## Exercise objective
Please retype the entries below exactly, only from their first line through the line containing "ふじの木園のブースです。いつ", leaving every picture out.

(Saved data entries)
Content starts

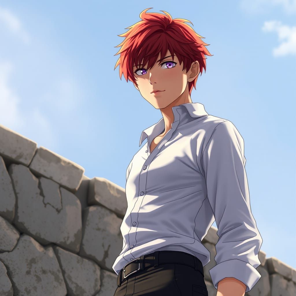 This image shows a young man with red hair and purple eyes standing on a stone wall in sunlight. It is rendered as detailed 3D anime art with an emphasis on realism and vibrant color.
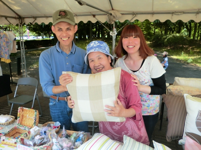 ふじの木園のブースです。いつもボッチャ(障がい者スポーツ)を一緒に行っています。今日はクッションを買いましたが、300円という激安で品質最高、小さいのはなんと100円!、衝動買いをしてしまいました(笑)。
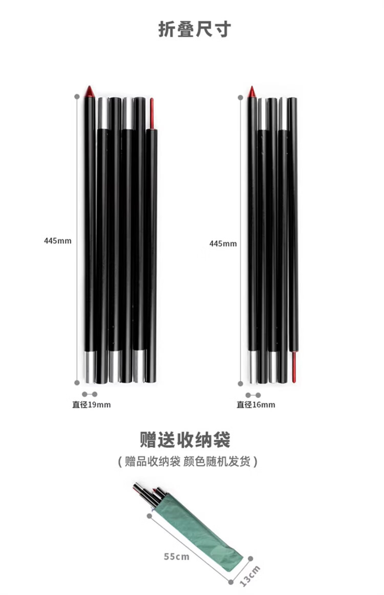 Naturehike挪客天幕杆户外露营帐篷门厅杆高强加厚一杆多用天幕支撑杆配件 黑色/2.1米/铁【2根装】
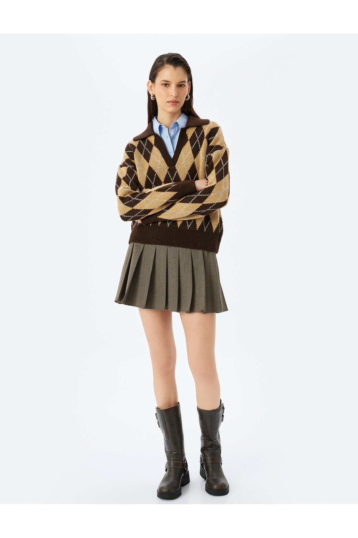 ژاکت بافتنی یقه پولو با طرح باقلوا نرم
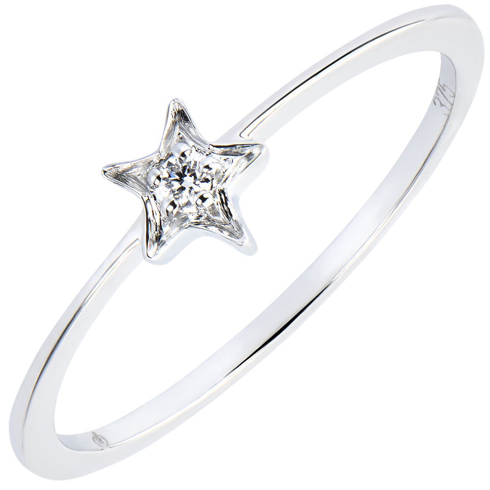 Das ikonische Sternenmotiv in Form eines dezenten und einzigartigen Ringes in Weißgold mit einem Diamanten besetzt.
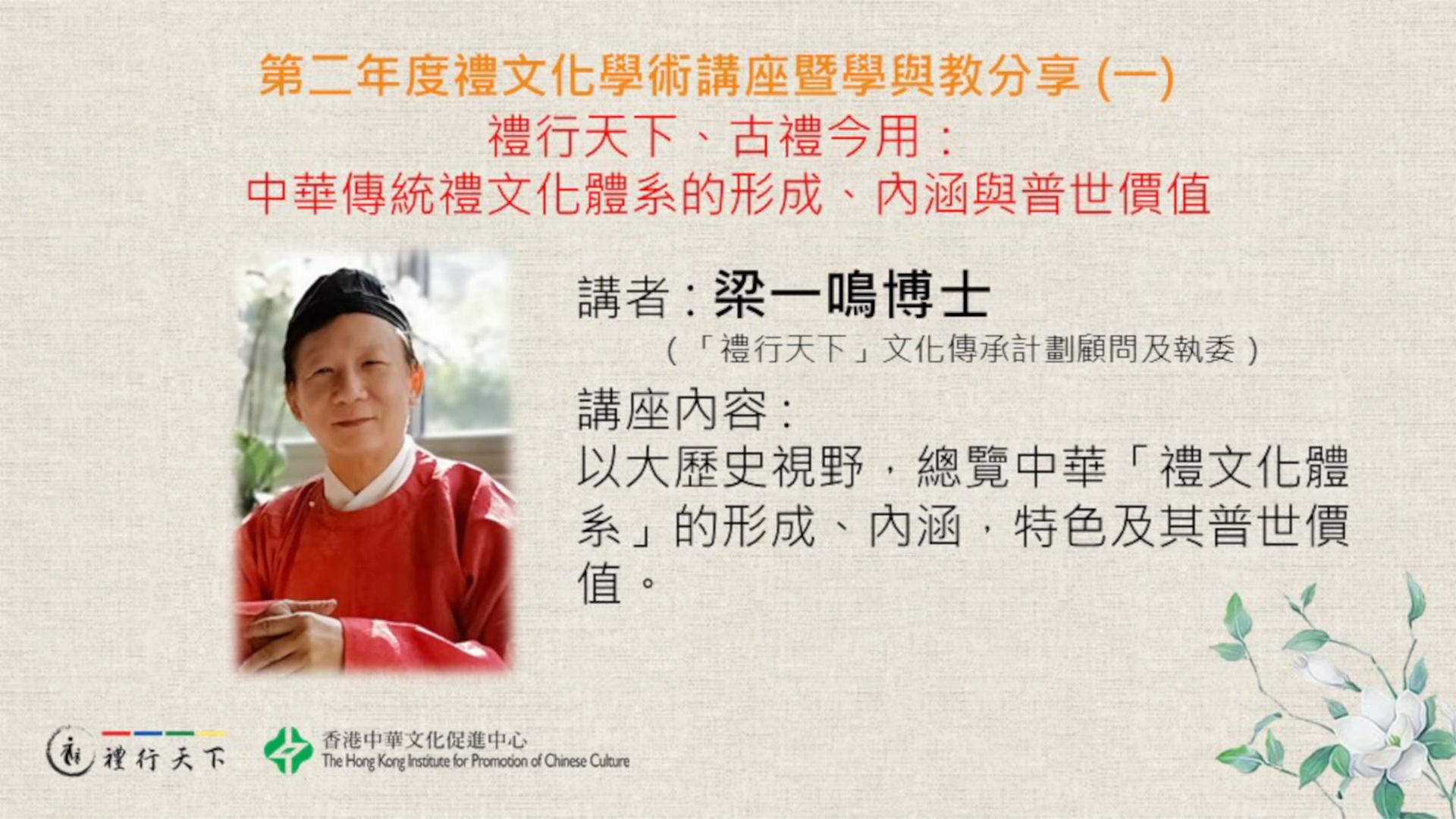 日期:2021年12月4日 主講:梁一鳴博士(「禮行天下」文化傳承計劃顧問及執委) 講座內容:以大歷史視野,總覽中華「禮文化體系」的形成
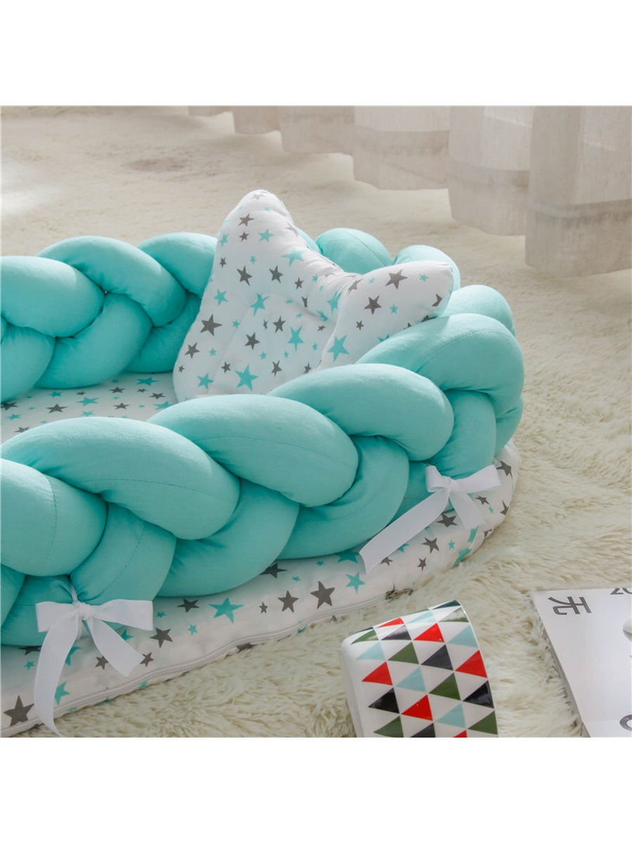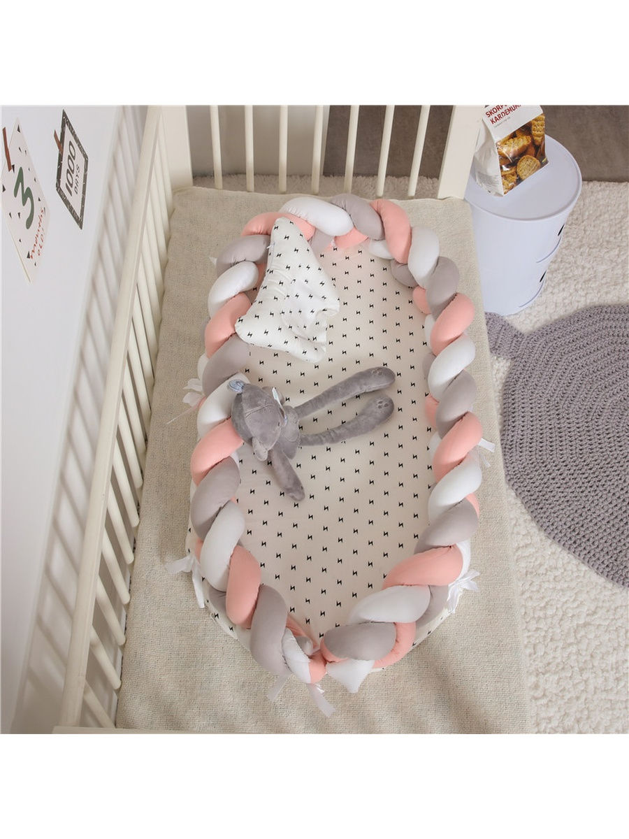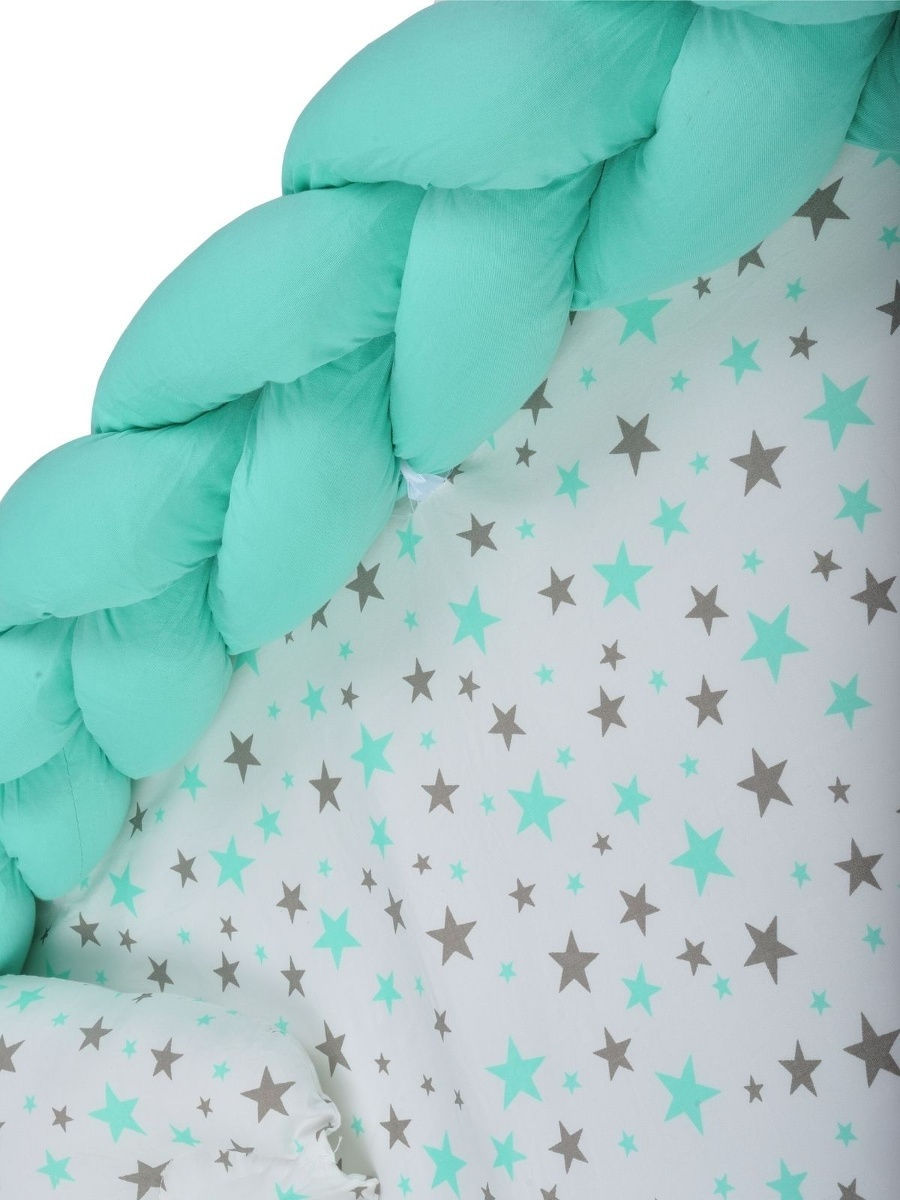 Бортик выполнен из мягкого хлопкового трикотажа, который подходит для новорожденных и не вызывает аллергии, а также защитит ребенка от ударов и сквозняков.
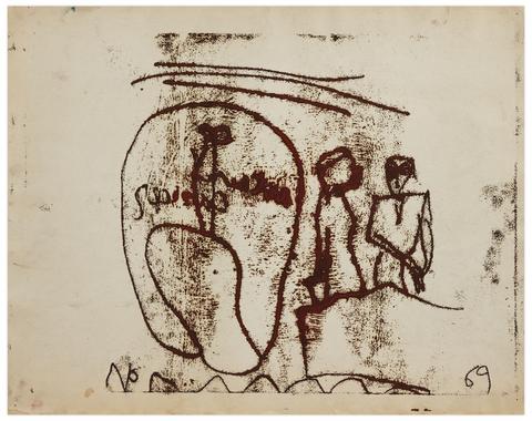 rgba(255,255,255,1) Norris EmbryArt & Cancer (Deux figures debout), 1969Signé et daté 'NO Norris 69' (en bas ) monotype sur papier 38 x 47.8 cm. Inscriptions: 'Art & Cancer'
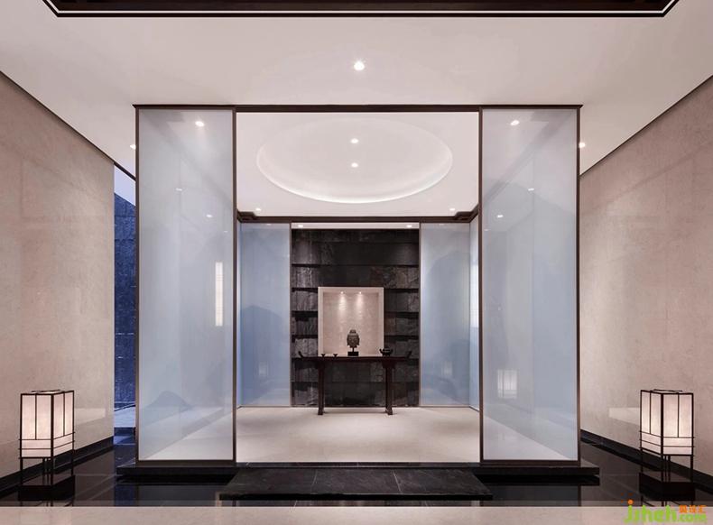 禪堂位于負二層光院西側(cè),半通透設(shè)計的圍合玻璃墻讓自然的氣韻自由穿梭。室外墻面的肌理與通透的玻璃材質(zhì),賦予空間謙和的靜謐的氣息。禪堂的靜與水景的動形成對照,整個空間禪而不寂,展現(xiàn)出一種樸素的渾然天成之美。致虛極,守靜篤。主人在家中修行,心光回照,感受到云水自在般的灑脫。
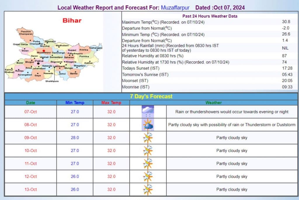 Muzaffarpur Weather: जानिए नवरात्रि के छठे दिन कैसा रहेगा मौसम का मिजाज, IMD ने जारी किया अपडेट
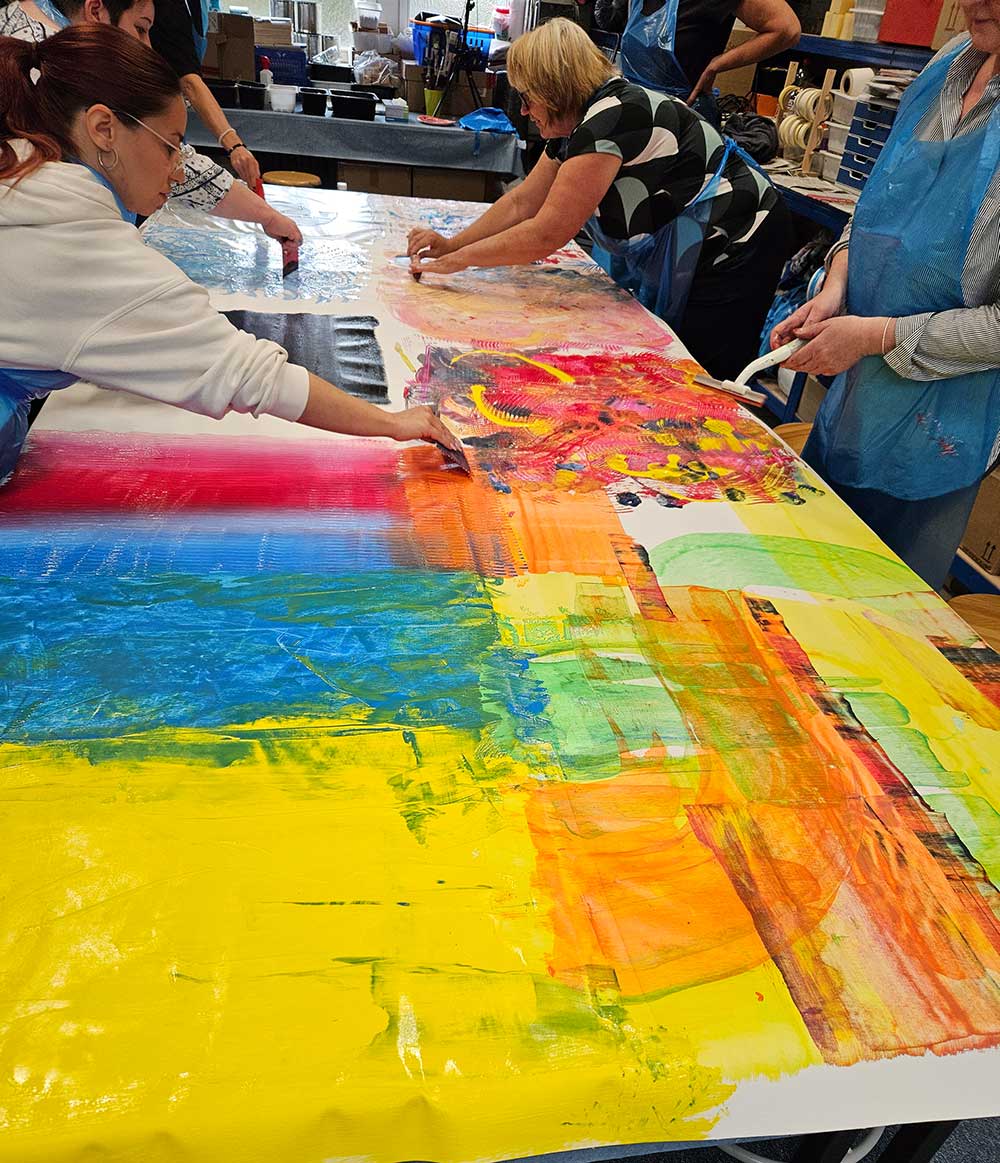 Auch Fachpersonal hatte die Gelegenheit, sich in dieser besonderen Maltechnik zu erproben. Im Rahmen eines Workshops für Multiplikatoren, der Teil der Veranstaltungsreihe „Gemeinsam stark für Bildung: Bildungsbeirat Viernheim“ war, stand das kreative Erleben im Mittelpunkt. Darüber hinaus wurden im Laufe des Jahres weitere Workshops für Jugendleiter und pädagogisches Personal angeboten. Besonders gefragt war die Weiterbildung „Filzen – Grundkenntnisse und praktische Anwendung“, die im Rahmen der Filzwochen im September stattfand und vollständig ausgebucht war.
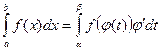 , а = φ (α), b = φ (β) и функция f(x) непрерывна в каждой точке х вида х = φ (t), где t є
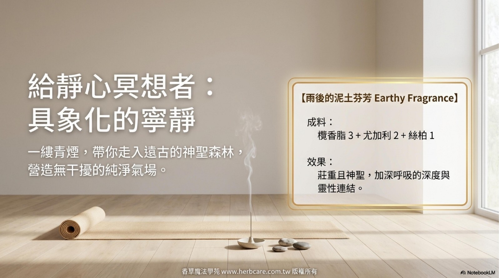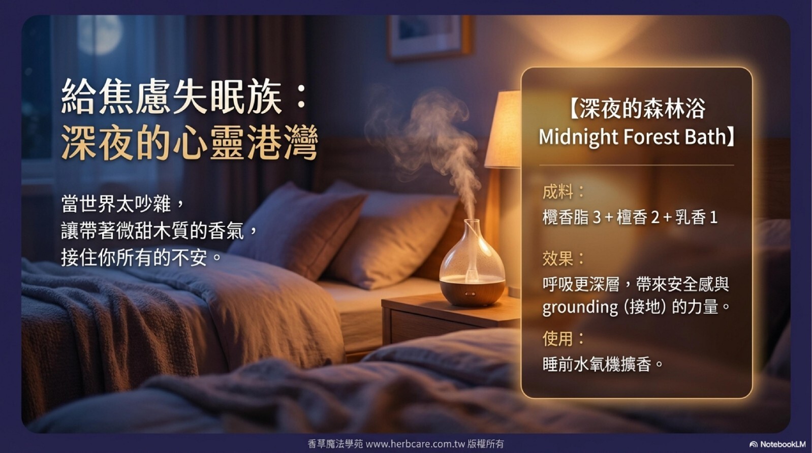 需求/時間點:當你感到焦慮、心神不寧時;或是想在睡前、冥想前,為自己創造一個寧靜的空間。

Content ends

## Response to this exercise
 This image shows a young man with red hair and purple eyes standing on a stone wall in sunlight. It is rendered as detailed 3D anime art with an emphasis on realism and vibrant color.
 ふじの木園のブースです。いつもボッチャ(障がい者スポーツ)を一緒に行っています。今日はクッションを買いましたが、300円という激安で品質最高、小さいのはなんと100円!、衝動買いをしてしまいました(笑)。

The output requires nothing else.